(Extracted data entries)
■ ■ ■ ■ ■ ■ ■
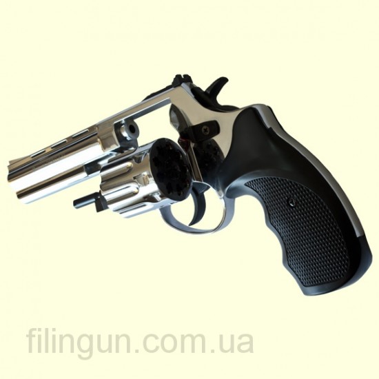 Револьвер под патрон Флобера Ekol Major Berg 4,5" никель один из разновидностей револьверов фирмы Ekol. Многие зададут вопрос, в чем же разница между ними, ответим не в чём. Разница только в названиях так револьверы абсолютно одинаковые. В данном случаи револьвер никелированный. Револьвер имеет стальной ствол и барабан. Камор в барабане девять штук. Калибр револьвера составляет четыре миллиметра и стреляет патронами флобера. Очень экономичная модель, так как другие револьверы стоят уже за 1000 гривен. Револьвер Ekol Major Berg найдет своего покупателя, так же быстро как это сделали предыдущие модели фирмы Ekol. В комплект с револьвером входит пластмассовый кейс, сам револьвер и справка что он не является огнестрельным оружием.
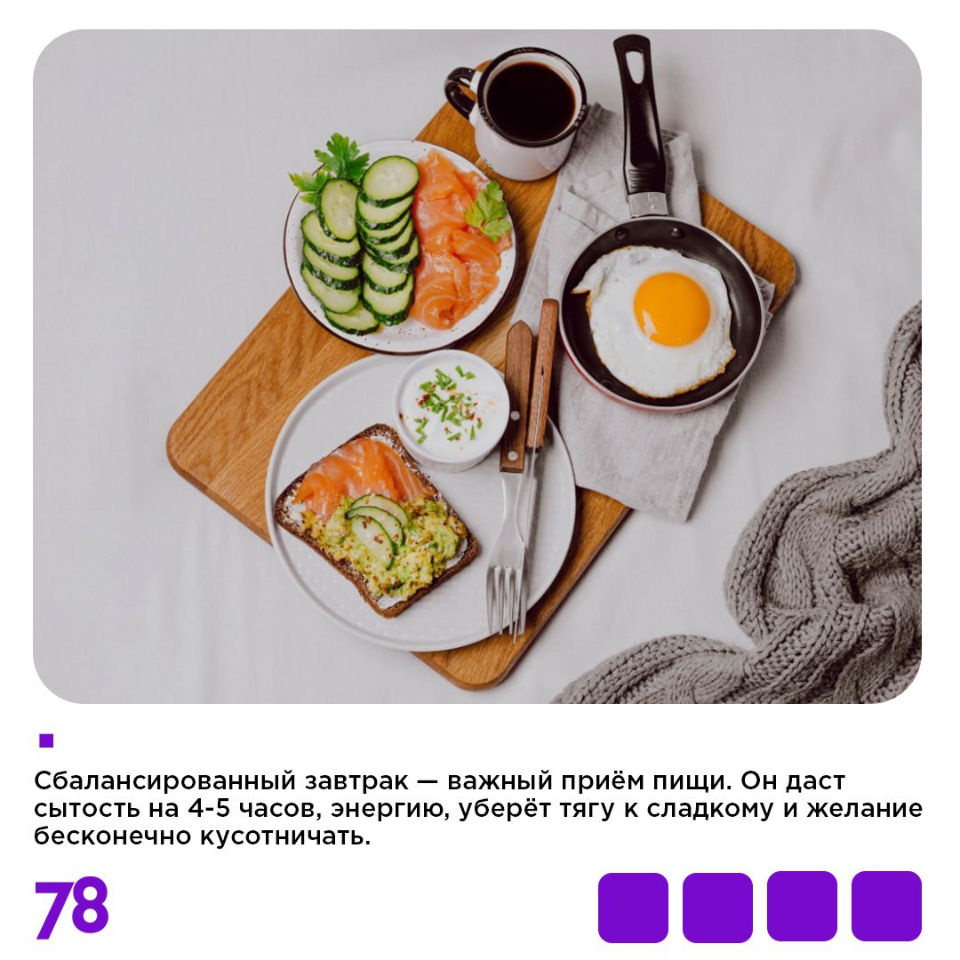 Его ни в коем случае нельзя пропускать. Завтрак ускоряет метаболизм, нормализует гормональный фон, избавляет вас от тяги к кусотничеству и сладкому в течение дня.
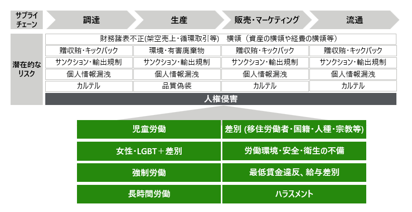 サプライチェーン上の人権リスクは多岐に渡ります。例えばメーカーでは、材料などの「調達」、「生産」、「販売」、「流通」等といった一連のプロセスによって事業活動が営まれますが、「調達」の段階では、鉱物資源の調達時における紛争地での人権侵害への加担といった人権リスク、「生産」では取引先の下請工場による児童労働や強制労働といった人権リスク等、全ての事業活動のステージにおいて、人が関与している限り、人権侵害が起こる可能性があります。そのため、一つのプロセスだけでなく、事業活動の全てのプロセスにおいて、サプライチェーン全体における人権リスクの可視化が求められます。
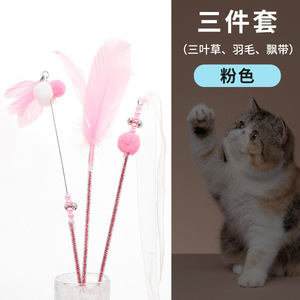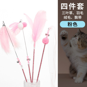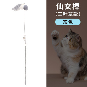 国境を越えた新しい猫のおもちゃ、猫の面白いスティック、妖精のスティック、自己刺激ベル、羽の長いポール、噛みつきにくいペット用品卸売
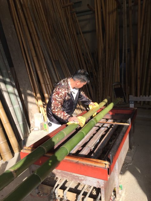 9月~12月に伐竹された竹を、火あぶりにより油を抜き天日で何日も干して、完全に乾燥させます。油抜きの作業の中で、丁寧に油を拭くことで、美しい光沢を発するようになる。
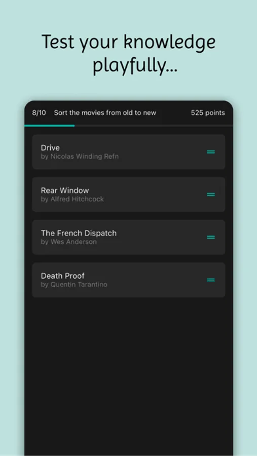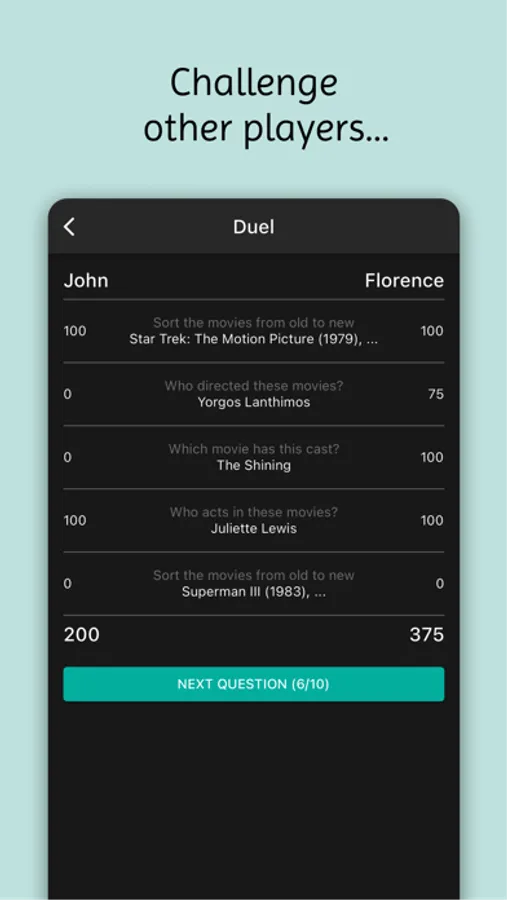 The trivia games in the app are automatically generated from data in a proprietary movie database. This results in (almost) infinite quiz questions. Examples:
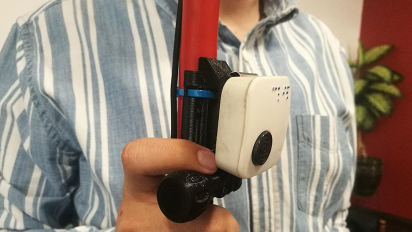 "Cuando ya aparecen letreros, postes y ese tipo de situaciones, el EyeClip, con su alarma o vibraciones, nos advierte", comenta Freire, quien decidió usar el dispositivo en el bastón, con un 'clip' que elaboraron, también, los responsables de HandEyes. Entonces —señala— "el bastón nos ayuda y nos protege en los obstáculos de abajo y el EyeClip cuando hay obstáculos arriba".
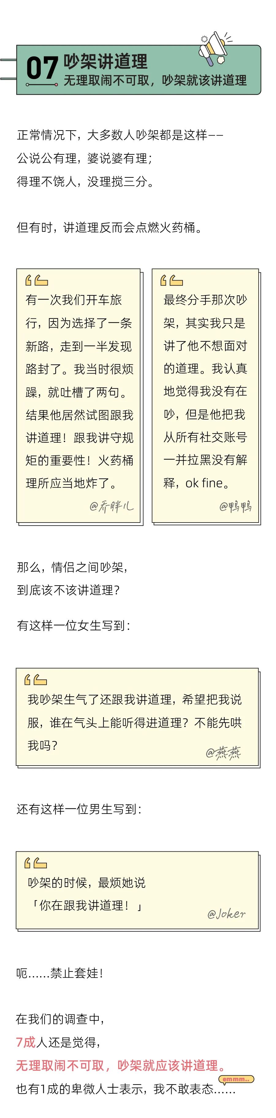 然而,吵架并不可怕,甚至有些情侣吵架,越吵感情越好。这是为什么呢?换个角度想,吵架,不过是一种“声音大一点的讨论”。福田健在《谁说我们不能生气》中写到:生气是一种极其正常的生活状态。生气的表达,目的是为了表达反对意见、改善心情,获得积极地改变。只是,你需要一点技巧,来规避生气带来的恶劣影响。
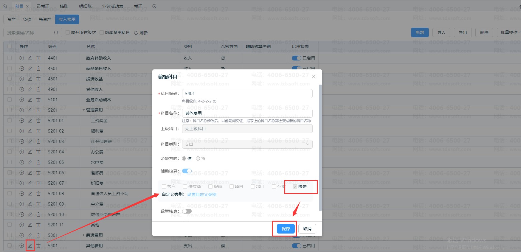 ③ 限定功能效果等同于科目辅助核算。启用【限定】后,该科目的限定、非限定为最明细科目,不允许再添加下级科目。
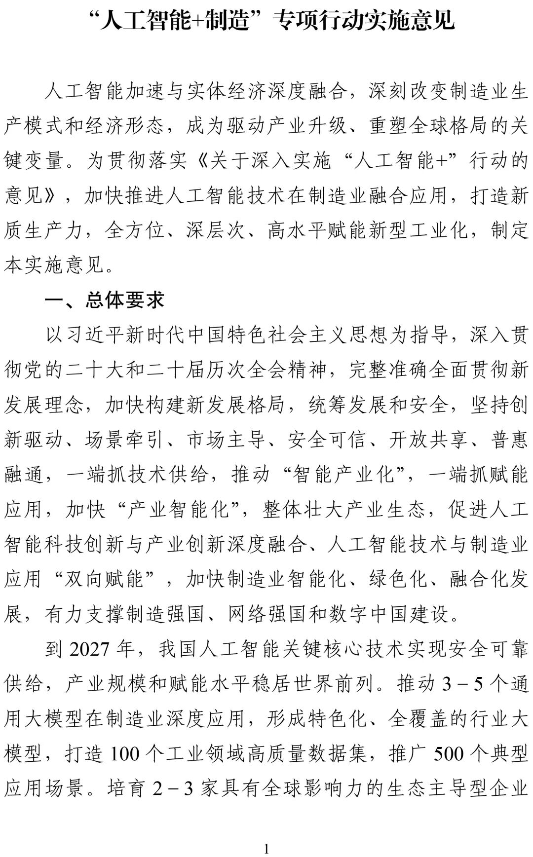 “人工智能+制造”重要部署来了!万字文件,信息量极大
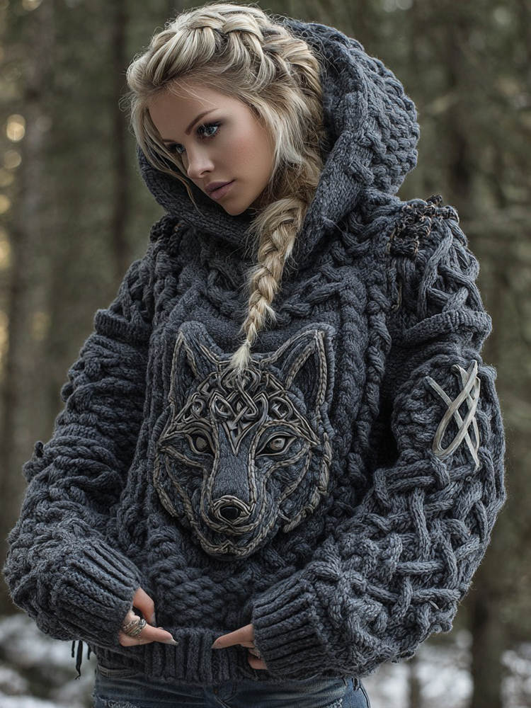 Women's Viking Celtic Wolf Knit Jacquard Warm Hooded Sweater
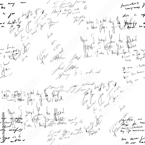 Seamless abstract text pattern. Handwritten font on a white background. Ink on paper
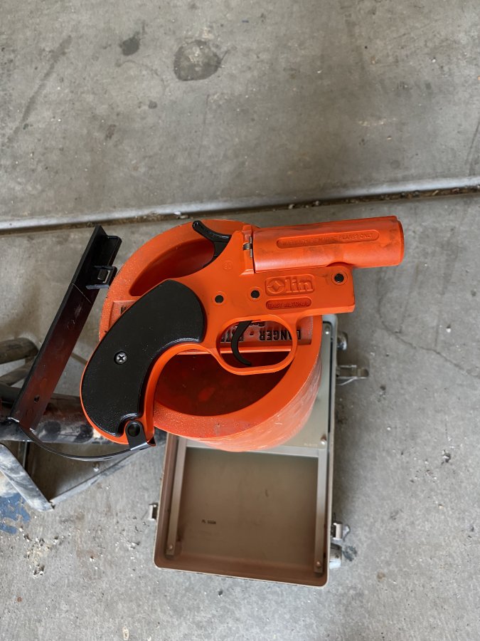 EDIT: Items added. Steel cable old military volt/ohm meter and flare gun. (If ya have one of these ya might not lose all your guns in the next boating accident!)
■ ■ ■ ■ ■ ■ ■
▶ _What you need to do_: Restate all entries above exactly, but not the images.

▶ _Exercise result_:
 Револьвер под патрон Флобера Ekol Major Berg 4,5" никель один из разновидностей револьверов фирмы Ekol. Многие зададут вопрос, в чем же разница между ними, ответим не в чём. Разница только в названиях так револьверы абсолютно одинаковые. В данном случаи револьвер никелированный. Револьвер имеет стальной ствол и барабан. Камор в барабане девять штук. Калибр револьвера составляет четыре миллиметра и стреляет патронами флобера. Очень экономичная модель, так как другие револьверы стоят уже за 1000 гривен. Револьвер Ekol Major Berg найдет своего покупателя, так же быстро как это сделали предыдущие модели фирмы Ekol. В комплект с револьвером входит пластмассовый кейс, сам револьвер и справка что он не является огнестрельным оружием.
 Его ни в коем случае нельзя пропускать. Завтрак ускоряет метаболизм, нормализует гормональный фон, избавляет вас от тяги к кусотничеству и сладкому в течение дня.
 サプライチェーン上の人権リスクは多岐に渡ります。例えばメーカーでは、材料などの「調達」、「生産」、「販売」、「流通」等といった一連のプロセスによって事業活動が営まれますが、「調達」の段階では、鉱物資源の調達時における紛争地での人権侵害への加担といった人権リスク、「生産」では取引先の下請工場による児童労働や強制労働といった人権リスク等、全ての事業活動のステージにおいて、人が関与している限り、人権侵害が起こる可能性があります。そのため、一つのプロセスだけでなく、事業活動の全てのプロセスにおいて、サプライチェーン全体における人権リスクの可視化が求められます。
 国境を越えた新しい猫のおもちゃ、猫の面白いスティック、妖精のスティック、自己刺激ベル、羽の長いポール、噛みつきにくいペット用品卸売
 9月~12月に伐竹された竹を、火あぶりにより油を抜き天日で何日も干して、完全に乾燥させます。油抜きの作業の中で、丁寧に油を拭くことで、美しい光沢を発するようになる。
 The trivia games in the app are automatically generated from data in a proprietary movie database. This results in (almost) infinite quiz questions. Examples:
 "Cuando ya aparecen letreros, postes y ese tipo de situaciones, el EyeClip, con su alarma o vibraciones, nos advierte", comenta Freire, quien decidió usar el dispositivo en el bastón, con un 'clip' que elaboraron, también, los responsables de HandEyes. Entonces —señala— "el bastón nos ayuda y nos protege en los obstáculos de abajo y el EyeClip cuando hay obstáculos arriba".
 然而,吵架并不可怕,甚至有些情侣吵架,越吵感情越好。这是为什么呢?换个角度想,吵架,不过是一种“声音大一点的讨论”。福田健在《谁说我们不能生气》中写到:生气是一种极其正常的生活状态。生气的表达,目的是为了表达反对意见、改善心情,获得积极地改变。只是,你需要一点技巧,来规避生气带来的恶劣影响。
 ③ 限定功能效果等同于科目辅助核算。启用【限定】后,该科目的限定、非限定为最明细科目,不允许再添加下级科目。
 “人工智能+制造”重要部署来了!万字文件,信息量极大
 Women's Viking Celtic Wolf Knit Jacquard Warm Hooded Sweater
 Seamless abstract text pattern. Handwritten font on a white background. Ink on paper
 EDIT: Items added. Steel cable old military volt/ohm meter and flare gun. (If ya have one of these ya might not lose all your guns in the next boating accident!)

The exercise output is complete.